DIRECTIONS: Return each line exactly, beginning with the one that has "Ontdek onze menu’s" and finishing with the final line of the material. Drop any pictures.

==== DATASET EXCERPT ====

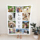 Eine Foto-Sake-Decke zum Feiern der Hunde in Ihrem Leben mit einer 10-Foto-Collage und "LIEBE" in der Mitte in elegantem Text niedergeschrieben.
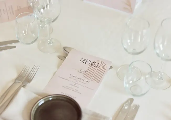 Ontdek onze menu’s vanaf €71,50 p.p., bereid met seizoensproducten en een stijlvolle, ambachtelijke afwerking.
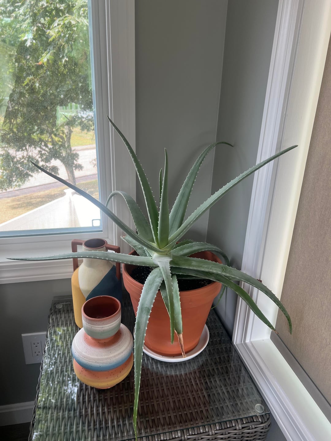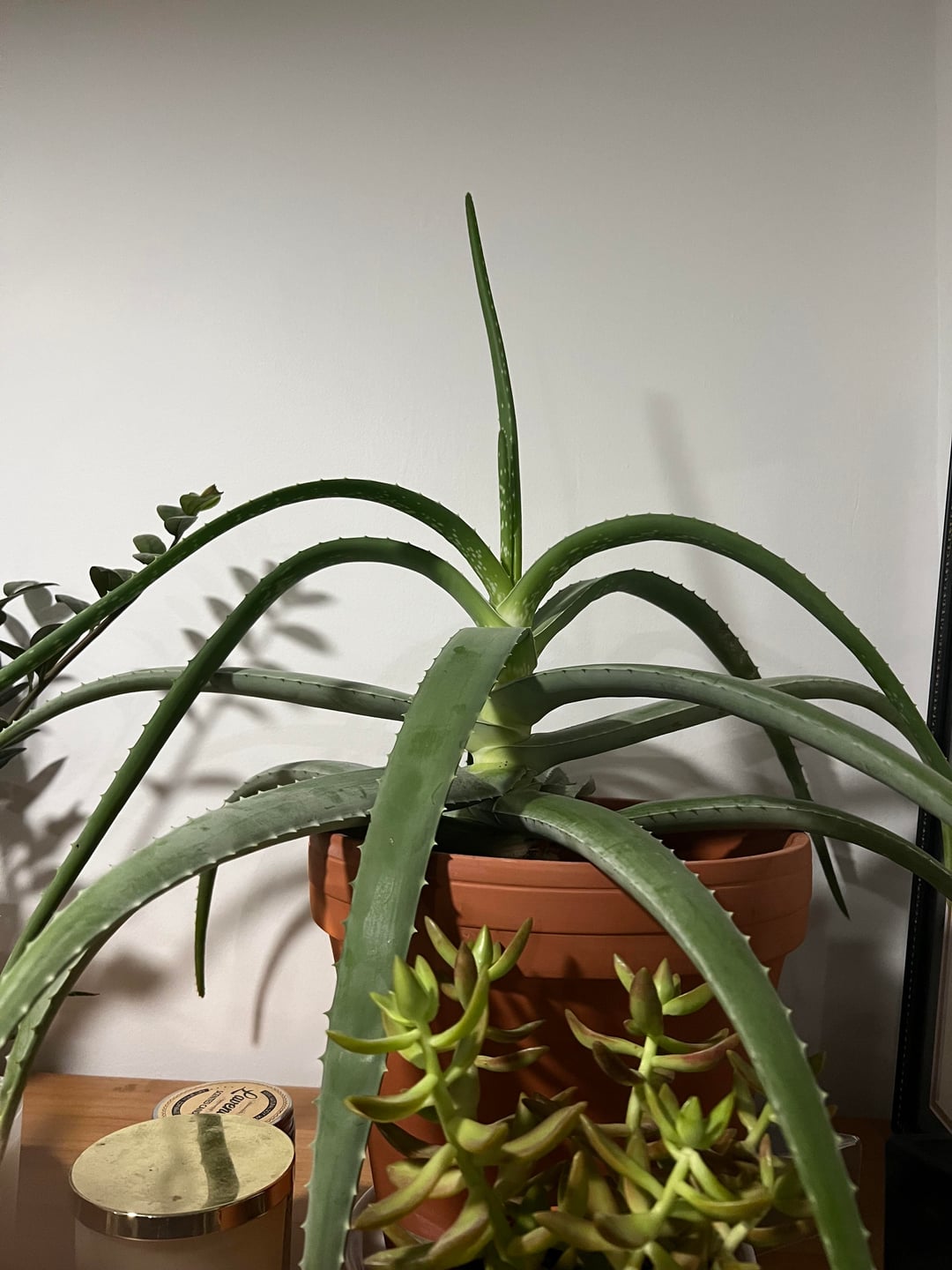 うちのアロエベラの葉は以前は直立していましたが、今は垂れ下がっています。これは水やりの問題でしょうか?光の問題? 1枚目の写真は今、2枚目は数ヶ月前の写真です

====

EXERCISE ANSWER:
 Ontdek onze menu’s vanaf €71,50 p.p., bereid met seizoensproducten en een stijlvolle, ambachtelijke afwerking.
 うちのアロエベラの葉は以前は直立していましたが、今は垂れ下がっています。これは水やりの問題でしょうか?光の問題? 1枚目の写真は今、2枚目は数ヶ月前の写真です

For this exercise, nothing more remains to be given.